### Assignment
Span requested from the data below: the line with "growth etc. Explore" through the line with "Straighterline Anatomy and", both included. Give only these lines again, exactly, and leave every picture out.

### Task material
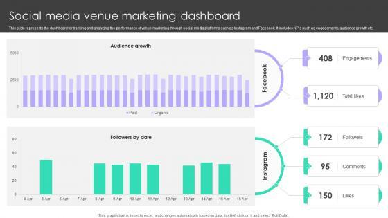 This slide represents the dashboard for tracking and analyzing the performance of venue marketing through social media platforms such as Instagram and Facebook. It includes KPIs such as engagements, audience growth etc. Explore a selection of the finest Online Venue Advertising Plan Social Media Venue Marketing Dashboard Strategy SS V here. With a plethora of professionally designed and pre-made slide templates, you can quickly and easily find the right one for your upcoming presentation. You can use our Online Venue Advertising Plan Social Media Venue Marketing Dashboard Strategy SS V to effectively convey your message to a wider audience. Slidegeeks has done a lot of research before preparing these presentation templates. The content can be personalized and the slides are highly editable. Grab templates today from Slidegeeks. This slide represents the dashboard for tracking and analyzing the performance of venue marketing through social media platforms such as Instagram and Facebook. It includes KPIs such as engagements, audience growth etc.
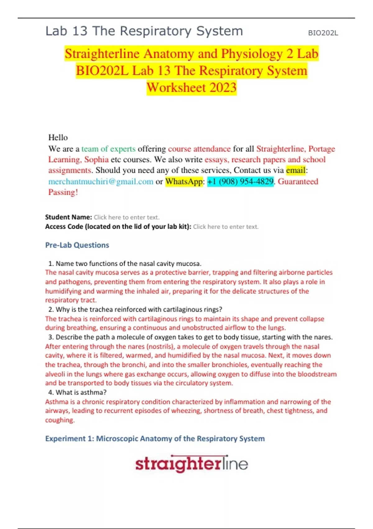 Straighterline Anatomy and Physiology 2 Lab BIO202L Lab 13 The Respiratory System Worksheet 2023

---

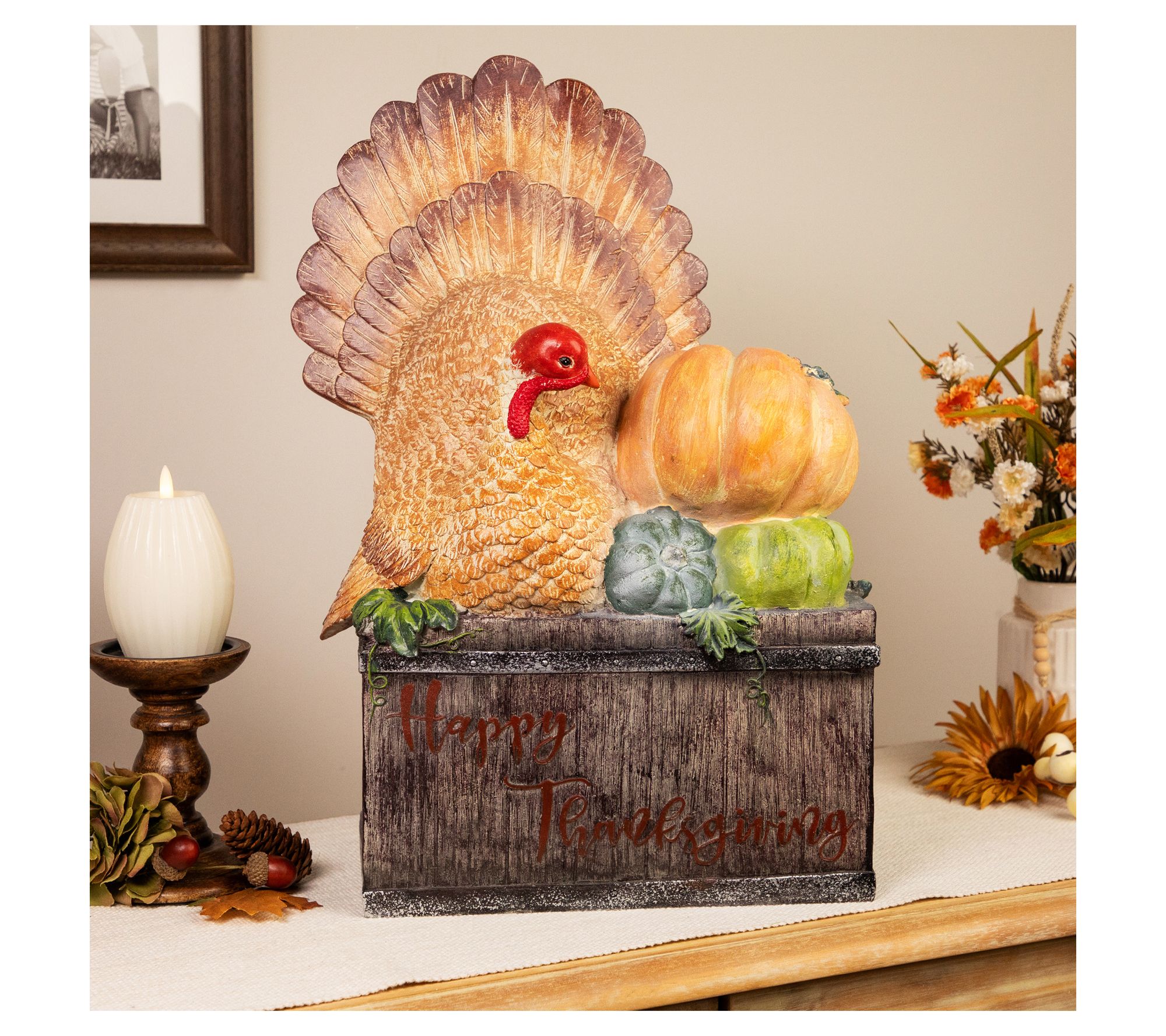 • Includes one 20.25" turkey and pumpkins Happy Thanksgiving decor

### Written reply
 This slide represents the dashboard for tracking and analyzing the performance of venue marketing through social media platforms such as Instagram and Facebook. It includes KPIs such as engagements, audience growth etc. Explore a selection of the finest Online Venue Advertising Plan Social Media Venue Marketing Dashboard Strategy SS V here. With a plethora of professionally designed and pre-made slide templates, you can quickly and easily find the right one for your upcoming presentation. You can use our Online Venue Advertising Plan Social Media Venue Marketing Dashboard Strategy SS V to effectively convey your message to a wider audience. Slidegeeks has done a lot of research before preparing these presentation templates. The content can be personalized and the slides are highly editable. Grab templates today from Slidegeeks. This slide represents the dashboard for tracking and analyzing the performance of venue marketing through social media platforms such as Instagram and Facebook. It includes KPIs such as engagements, audience growth etc.
 Straighterline Anatomy and Physiology 2 Lab BIO202L Lab 13 The Respiratory System Worksheet 2023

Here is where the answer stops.